A Vanished World, signed by Vishniac
VISHNIAC, ROMAN. A Vanished World
New York: Farrar, Straus and Giroux, 1983
Original boards and dust jacket. Near fine.
First edition.
Signed and inscribed by Roman Vishniac: “It should not happen again Roman [and] Edith Vishniac 1985.”
This landmark book presents hundreds of photographs depicting Eastern European Jewry during the 1930s. A Russian Jew, Roman Vishniac began to take photographs of village life during the First World War. After moving to Berlin, Vishniac began to travel to Eastern Europe, visiting mountain villages and urban ghettos, taking thousands of photographs documenting the ever-more oppressed Jewish people. Within years most of them had been exterminated by the Nazis. Many of the photographs seem to have been taken secretly and thus provide a candid view of daily life. Some of Vishniac’s photographs had been published shortly after the Second World War as part of The Vanished World (1947), a volume including works by other photographers as well.

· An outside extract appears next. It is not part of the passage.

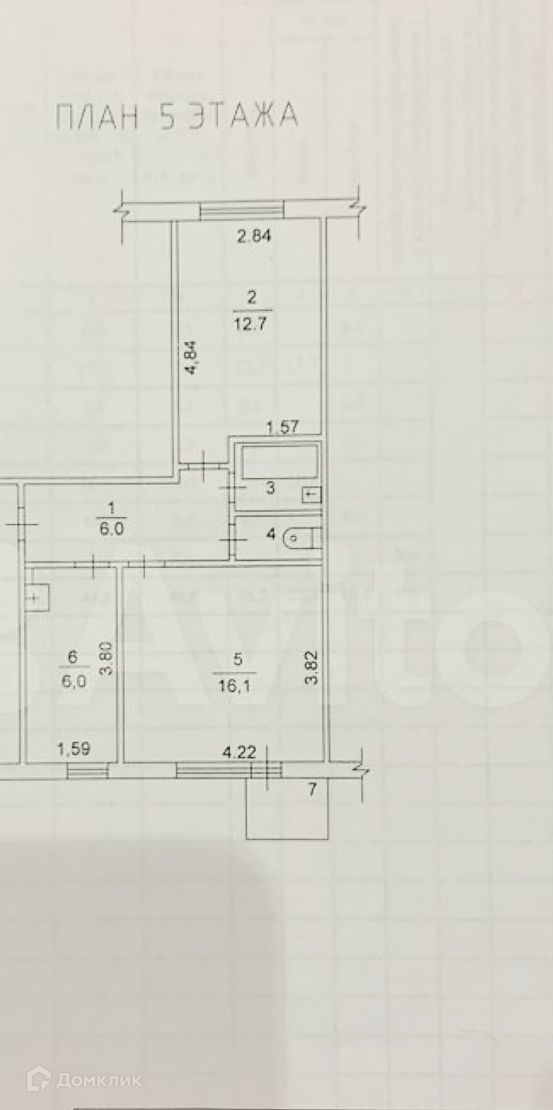 Общая площадь 44.2 м2

The present volume represents the culmination of Vishniac’s lifelong project and the most extensive published collection of his photographs. Photography giant Edward Steichen declared, “Vishniac took with him on this self-imposed assignment—besides this or that kind of camera and film—a rare depth of understanding and a native son’s warmth and love for his people. The resulting photographs are among photography’s finest documents of a time and place.”
The Foreword is by Holocaust survivor and Nobel laureate Elie Wiesel, who writes, “Not to forget, not to allow oblivion to defeat memory: That is his obsession. Defying all dangers, surmounting all obstacles, he travels from province to province, from village to village, capturing slums and markets, a gesture here, a movement there, reflections of hope and despair, so that the victims will not wholly vanish into the abyss—so that they will live on, past torture and past massacre. And he has won the wager: They live still.”